根据实验显示,使用除留余数法时,哈希表的大小最好是素数,这样能够降低哈希冲突概率. 可是怎么才能快速取一个类似两倍关系的素数?

STL中特意创建了一个素数数组,当插入函数需要扩容时,则遍历素数数组找到第一个大于哈希表中的数据个数的素数,这个素数就为新表的大小.

size_t GetNextPrime(size_t prime)
		{
			const int PRIMECOUNT = 28;
			//素数序列
			const size_t primeList[PRIMECOUNT] =
			{
					53, 97, 193, 389, 769,
				1543, 3079, 6151, 12289, 24593,
				49157, 98317, 196613, 393241, 786433,
				1572869, 3145739, 6291469, 12582917, 25165843,
				50331653, 100663319, 201326611, 402653189, 805306457,
				1610612741, 3221225473, 4294967291
			};
			size_t i = 0;
			for (i = 0; i < PRIMECOUNT; i++)
			{
				if (primeList[i] > prime)         //从这个数组里面取第一个大于prime的值.
					return primeList[i];
			}
			return primeList[i];                 //虽然数据不可能那么大,但是也有可能不会走if判断,
			                                     // 所以从语法上来说还要考虑所给值prime大于素数数组整个数据的情况.
		}

注意:
一般来讲,因为内存限制,我们不太可能需要一个最大素数大小的哈希表,但是有可能我们传的值会比最大素数还大.但是,从语法上考虑,当这种情况发生,我们应该也要返回一个值,这里返回素数数组中最大素数.

开散列与闭散列比较

应用链地址法(开散列)处理溢出，需要增设链接指针，似乎增加了存储开销。
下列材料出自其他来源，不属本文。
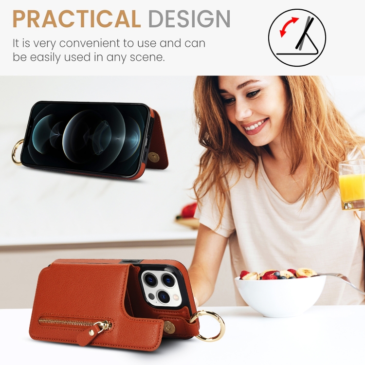 Funda para Teléfono iPhone 12 Pro Litchi Texture Zipper con Bolsa para Tarjetas y Doble Hebilla (Marrón)

事实上：由于闭散列必须保持大量的空闲空间以确保搜索效率，如二次探查法要求装载因子a <= 0.7，而表项所占空间又比指针大的多(闭散列存储数据类型为pair键值对与状态构成的对象所以比指针大的多)，所以使用链地址法(开散列)反而比闭散列节省存储空间

哈希桶的时间复杂度及其测试

我们知道,在最坏情况下,所给的数据都发生哈希冲突,此时的时间复杂度为O(N),但是这种情况出现的概率极低,那么哈希桶的时间复杂度是多少呢?

哈希桶随机数测试:
但测试数据为100000个时,此时负载因子为0.677594,其中在62681个桶中最长的桶的长度才为2,平均每个桶的长度才为1.06283.
哈希表(底层结构剖析--下)
当测试数据为200000个时,此时负载因子为0.660307可见和上次相比这次测试已经扩了容,但是最长的桶的长度也仅为2,平均桶的长度为1.03515.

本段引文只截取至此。